Ramzy Baroud 11/Mai/2019
La Conférence internationale sur la Palestine qui s’est tenue à Istanbul du 27 au 29 avril a rassemblé de nombreux orateurs et des centaines d’universitaires, de journalistes, de militants et d’étudiants de Turquie et du monde entier.

La Conférence internationale sur la Palestine qui s’est tenue à Istanbul du 27 au 29 avril a rassemblé de nombreux orateurs et des centaines d’universitaires, de journalistes, de militants et d’étudiants de Turquie et du monde entier.

La Conférence était une occasion rare de formuler un discours de solidarité internationale à la fois inclusif et avant-gardiste.
Il y avait un quasi consensus sur le fait que le mouvement BDS (Boycott, Désinvestissement et Sanctions) devait être soutenu, que le prétendu Accord du siècle de Donald Trump devait être combattu et que la normalisation devait être rejetée.

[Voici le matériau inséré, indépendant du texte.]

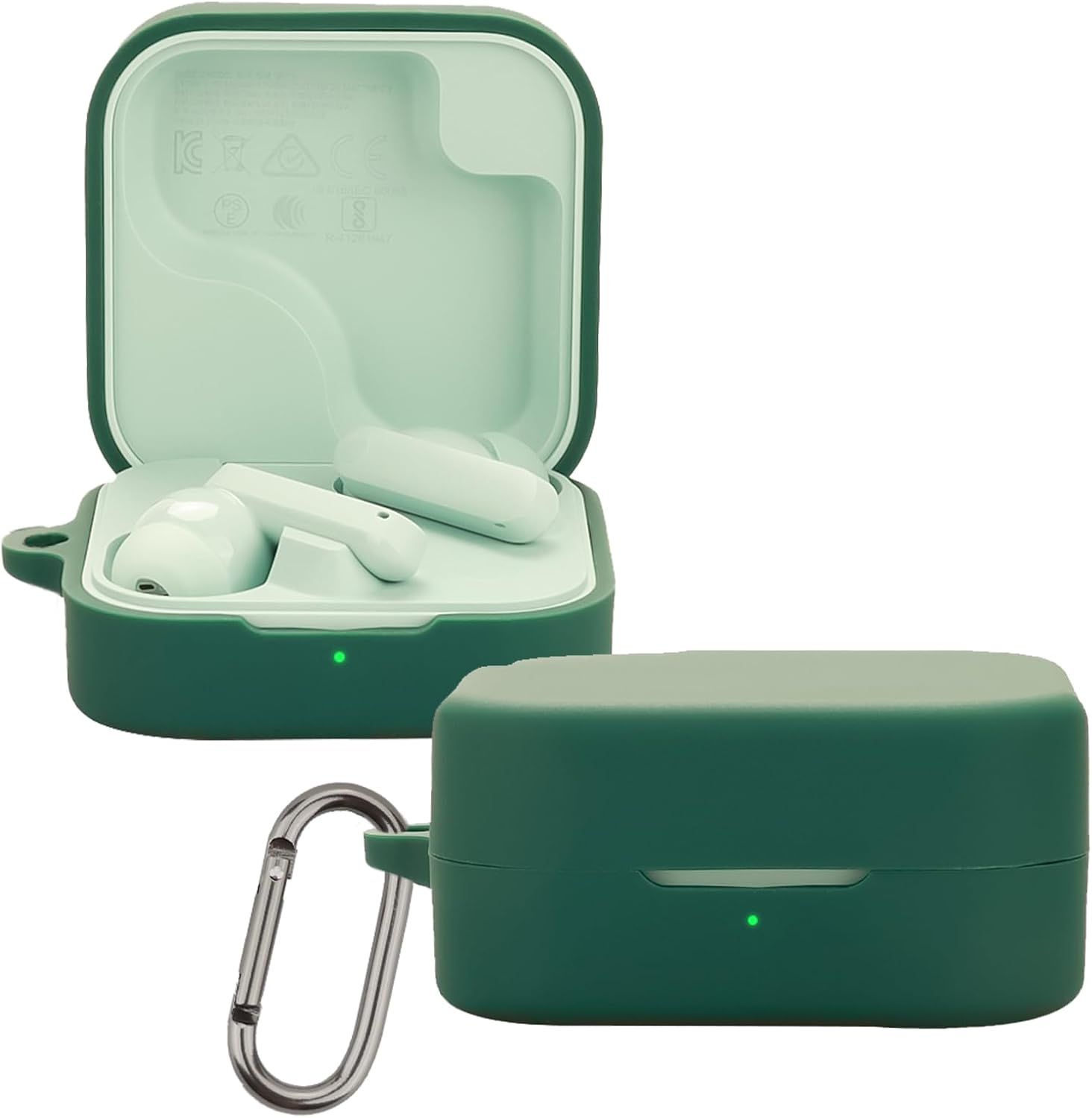 KUSINHOKA Coque pour CMF by Nothing Buds 2/Buds 2 Plus, Housse Protection en Silicone avec Mousqueton, Ultra Mince Antichoc Couverture Complète Protection Étui Protecteur Accessoires, Vert

Cependant, lorsqu’il s’est agi de décliner les objectifs de la lutte palestinienne, le discours est alors indécis et peu clair. Bien qu’aucun des orateurs n’ait plaidé en faveur d’une solution à deux États, notre appel d’Istanbul – ou de tout autre lieu situé en dehors de la Palestine – à un seul État démocratique semblait en partie dénué de pertinence. Pour que la solution d’un seul État devienne le premier objectif du mouvement pro-palestinien dans le monde entier, l’appel doit venir d’une direction palestinienne qui reflète les aspirations réelles du peuple palestinien.
L’un après l’autre, les orateurs ont appelé à l’unité palestinienne, implorant les Palestiniens de les guider et de tenir un discours à caractère national. De nombreux participants ont également souscrit à cette opinion. Un membre de l’auditoire a même laissé échapper une question : « Où est le Mandela palestinien ? » Heureusement, le petit-fils de Nelson Mandela, Zwelivelile « Mandla » Mandela, était lui-même inscrit comme orateur. Il a répondu avec force que Mandela n’était que le visage du mouvement, qui englobait des millions d’hommes et de femmes du peuple, dont les luttes et les sacrifices avaient finalement vaincu l’apartheid.

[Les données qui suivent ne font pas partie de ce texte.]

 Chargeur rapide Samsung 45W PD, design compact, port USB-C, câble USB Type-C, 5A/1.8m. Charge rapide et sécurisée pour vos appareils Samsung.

À la suite de mon intervention à la Conférence, j’ai rencontré plusieurs anciens prisonniers palestiniens dans le cadre de mes recherches pour mon prochain livre sur le sujet.
Certains des prisonniers libérés se sont présentés comme étant du Hamas, d’autres comme du Fatah. Leur récit semblait en grande partie libéré de ce regrettable langage factionnel avec lequel nous sommes bombardés dans les médias, mais également libéré des formulations un peu sèches et abstraites du monde politique et académique.
« Quand Israël a assiégé Gaza et nous a interdit les visites de nos familles, nos frères du Fatah nous ont toujours aidés », m’a raconté un ancien prisonnier appartenant au Hamas. « Et chaque fois que les autorités pénitentiaires israéliennes maltraitaient l’un de nos frères de quelque organisation que ce soit, y compris du Fatah, nous avons tous résisté ensemble. »
Un ex-prisonnier affilié au Fatah m’a dit que lorsque le Hamas et le Fatah se sont battus à Gaza durant l’été 2007, ce sont les prisonniers qui ont le plus souffert. « Nous avons souffert parce que nous sentions que les personnes qui devraient se battre pour notre liberté se combattaient les unes les autres. Nous nous sommes sentis trahis par tout le monde. » 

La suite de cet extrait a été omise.